Insecure deserialization occurs when an application reconstructs objects from untrusted serialized data without validating what is being instantiated. In languages like Java and PHP, the deserialization process itself triggers method execution — no secondary injection step required — making this one of the few vulnerability classes where parsing user input is enough to achieve remote code execution.

Key Takeaways

  • 1Insecure deserialization occurs when applications reconstruct objects from untrusted data without validating class types before the deserialization process executes
  • 2Java deserialization gadget chains exploit existing library classes on the application's classpath — the application does not need to contain vulnerable code itself, only a vulnerable dependency
  • 3PHP object injection exploits magic methods like __wakeup, __destruct, and __toString that execute automatically during and after unserialize() calls
  • 4Python's pickle module is explicitly unsafe for untrusted input — any pickled object can contain a __reduce__ method that executes arbitrary system commands when loaded
  • 5Remediation requires eliminating deserialization of untrusted data, replacing it with safer formats like JSON, or implementing strict class allowlists before any deserialization occurs

Frequently Asked Questions

Insecure deserialization occurs when an application takes a serialized object — a structured binary or text representation of program state — from an untrusted source and reconstructs it into a live object without validating what it is being asked to create. The danger is that the deserialization process itself may execute code embedded in or triggered by the serialized data, before any application-level validation has the opportunity to run. Code execution happens during the act of parsing, not through a secondary step.

Java gadget chains exploit the readObject() method called during native deserialization. By crafting a serialized payload that instantiates specific classes from popular libraries on the application's classpath — such as Apache Commons Collections or Spring Framework — an attacker chains method invocations so that reconstructing the outer object triggers a sequence of calls that ultimately executes an operating system command.
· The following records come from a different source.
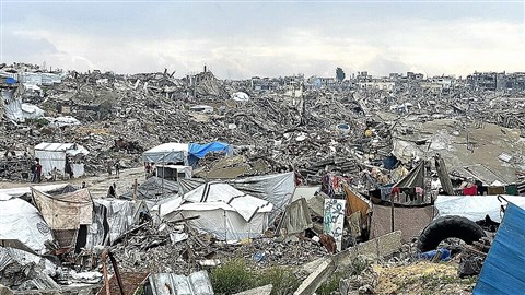 ![]() Dzsebálijá, 2025. február - visszalopakodott palesztinok sátrai a lebombázott otthonaik romjain (fotó: Dzsáber Dzsihád) |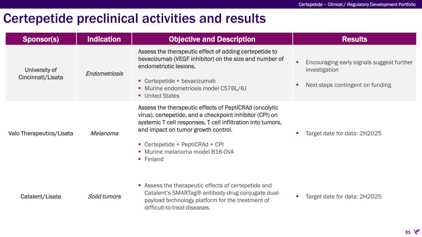 Certepetide preclinical activities and results Sponsor(s) Indication Objective and Description Results University of Cincinnati/Lisata Endometriosis Assess the therapeutic effect of adding certepetide to bevacizumab (VEGF inhibitor) on the size and number of endometriotic lesions.  Certepetide + bevacizumab  Murine endometriosis model C57BL/6J  United States  Encouraging early signals suggest further investigation  Next steps contingent on funding Valo Therapeutics/Lisata Melanoma Assess the therapeutic effects of PeptiCRAd (oncolytic virus), certepetide, and a checkpoint inhibitor (CPI) on systemic T cell responses, T cell infiltration into tumors, and impact on tumor growth control.  Certepetide + PeptiCRAd + CPI  Murine melanoma model B16-OVA  Finland  Target date for data: 2H2025 Catalent/Lisata Solid tumors  Assess the therapeutic effects of certepetide and Catalent’s SMARTag® antibody-drug conjugate dual- payload technology platform for the treatment of difficult-to-treat-diseases.  Target date for data: 2H2025 Certepetide – Clinical / Regulatory Development Portfolio 31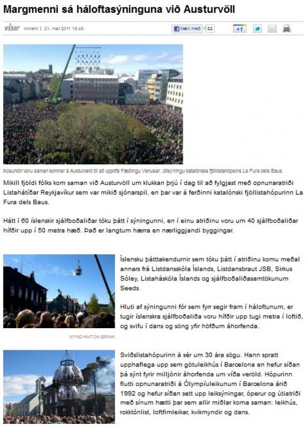 Mikill fjöldi fólks kom saman við Austurvöll um klukkan þrjú í dag til að fylgjast með opnunaratriði Listahátíðar Reykjavíkur sem var mikið sjónarspil, en þar var á ferðinni katalónski fjöllistahópurinn La Fura dels Baus.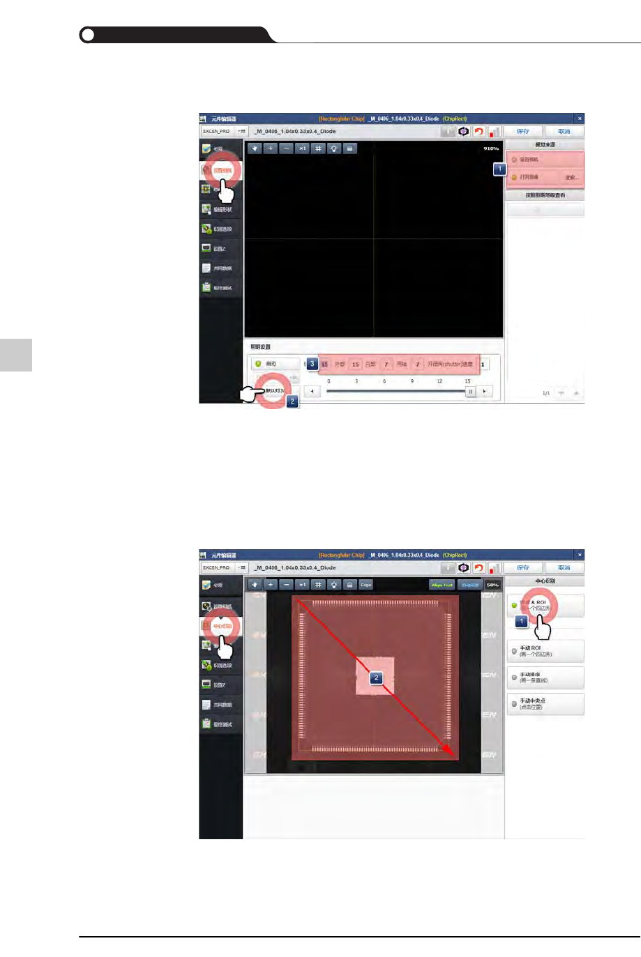 STEP13. 在“中心识别”菜单设定ROI及排列元件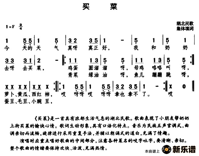 演唱的买菜(湖北民歌)歌词,买菜(湖北民歌)简谱.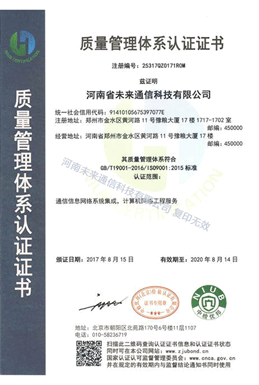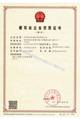 公司成立于2008年,注冊資金5010萬,具有通信工程施工總承包叁級、通信信息網(wǎng)絡(luò)系統(tǒng)集成甲級資質(zhì),是質(zhì)量、環(huán)境、職業(yè)健康安全“三標(biāo)一體”的認(rèn)證單位。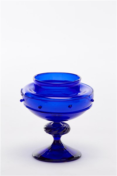 Coppetta in vetro soffiato trasparente blu, con fili e bugne applicate a caldo. Murano, anni '10/'20. (h cm 11)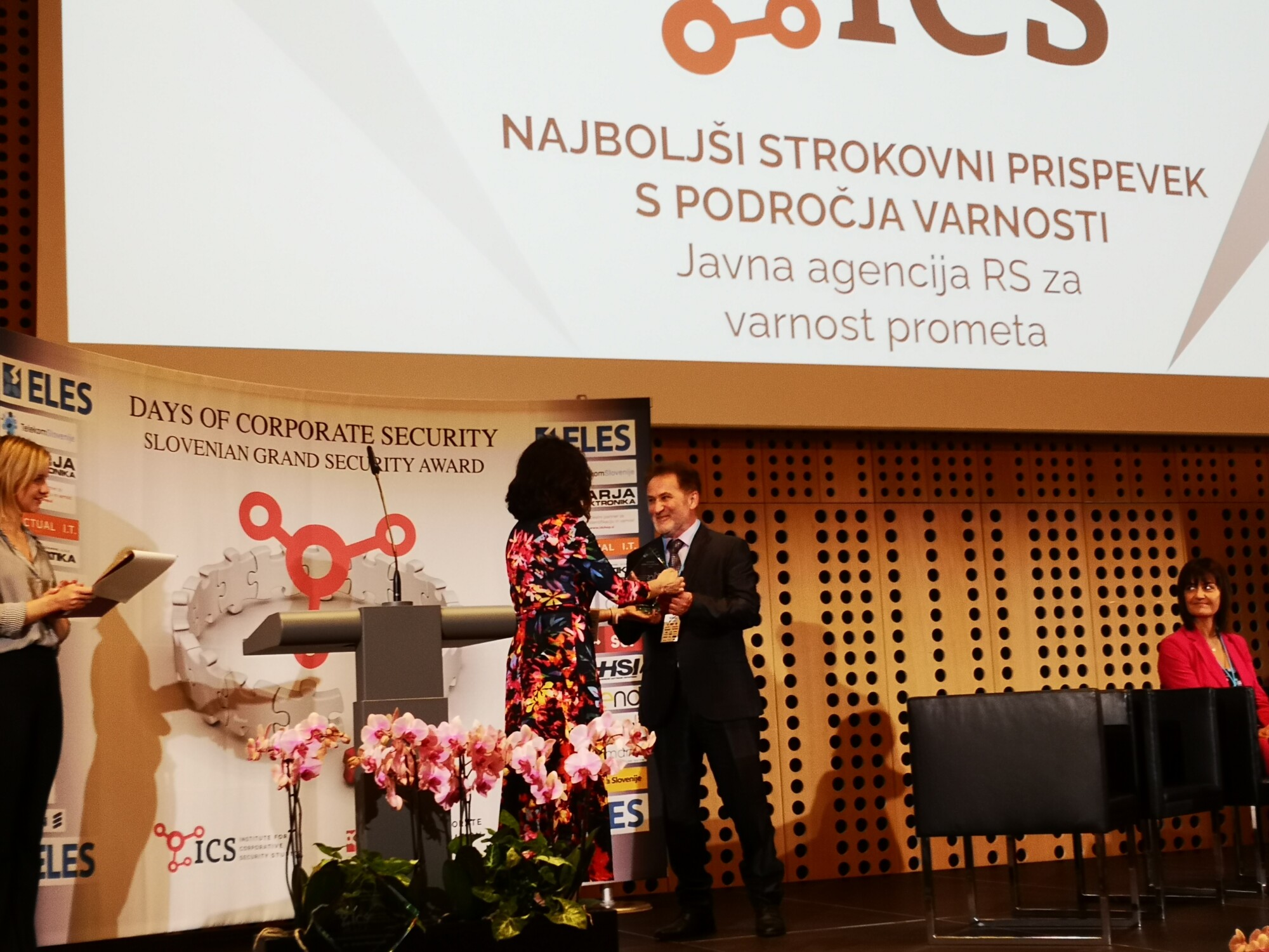 (Brdo pri Kranju, 31. maj 2022) Direktor Javne agencije RS za varnost prometa Jože Hribar je danes v kongresnem centru na Brdu pri Kranju prejel prestižno nagrado »Slovenian Grad Security Award 2022« v kategoriji »Najboljši strokovni prispevek s področja varnosti« za leto 2021. Neodvisna komisija je preventivne akcije »Uporaba mobilnega telefona, Hitrost in Varnostni pas« izbrala za nagrado, ki je bila podeljena na svečanosti v okviru mednarodne konference “Dnevi korporativne varnosti 2022”. Agencija za varnost prometa v akcijah izkazuje inovativne pristope in interaktivno podaja vsebine širokemu krogu javnosti, je bilo še izpostavljeno v obrazložitvi. Podelitvi je sledila še okrogla miza, ki jo je vodil predsednik organizacijskega odbora izr. prof. dr. Denis Čaleta.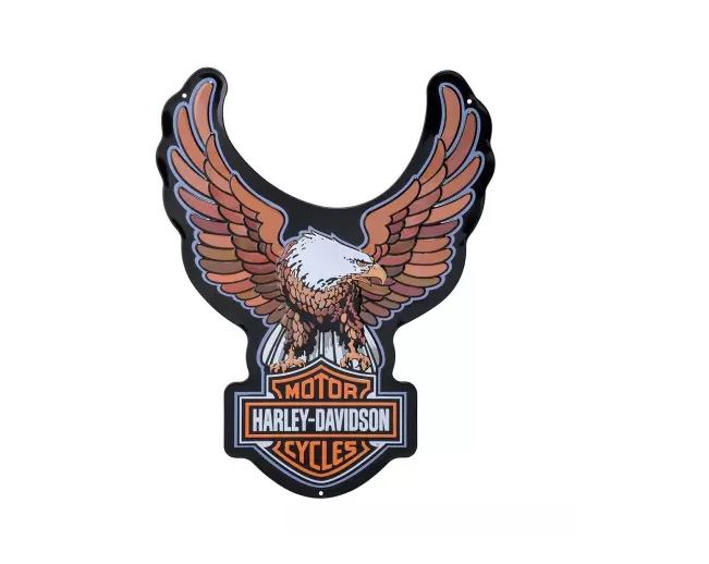 Individuell geformtes Bar & Shield Eagle Blechschild. Geprägte Akzente und leuchtende Farben verleihen Tiefe und Dimension.

The application does not need to contain vulnerable code. It only needs to have a gadget library present as a dependency.

Look for serialized data in cookies, HTTP headers, POST bodies, and hidden form fields. Java serialized objects start with the magic bytes AC ED 00 05 in hex, or rO0AB when base64-encoded. PHP serialized strings begin with O: followed by a class name length and the class name. Cookies with names like JSESSIONID, rememberMe, or viewstate often carry serialized objects. Also inspect API endpoints that accept binary data or content types like application/x-java-serialized-object.

Yes. The pickle module is explicitly designed to reconstruct arbitrary Python objects, including those with __reduce__ methods that execute system commands. The Python documentation explicitly warns that pickle data from untrusted sources should never be loaded. Any application that deserializes pickle data from user-controlled input — cookies, API request bodies, message queue payloads — is potentially vulnerable to arbitrary code execution with the privileges of the process.

The safest remediation is to avoid deserializing data from untrusted sources entirely. Replace native serialization with JSON or XML and validate the schema independently of parsing. If native deserialization is unavoidable, implement a class allowlist that restricts which types can be instantiated before any object is reconstructed — in Java via JEP 415 deserialization filters, in PHP via the allowed_classes parameter to unserialize(). Cryptographically sign serialized data and verify the signature before deserializing. Never deserialize data that you cannot authenticate.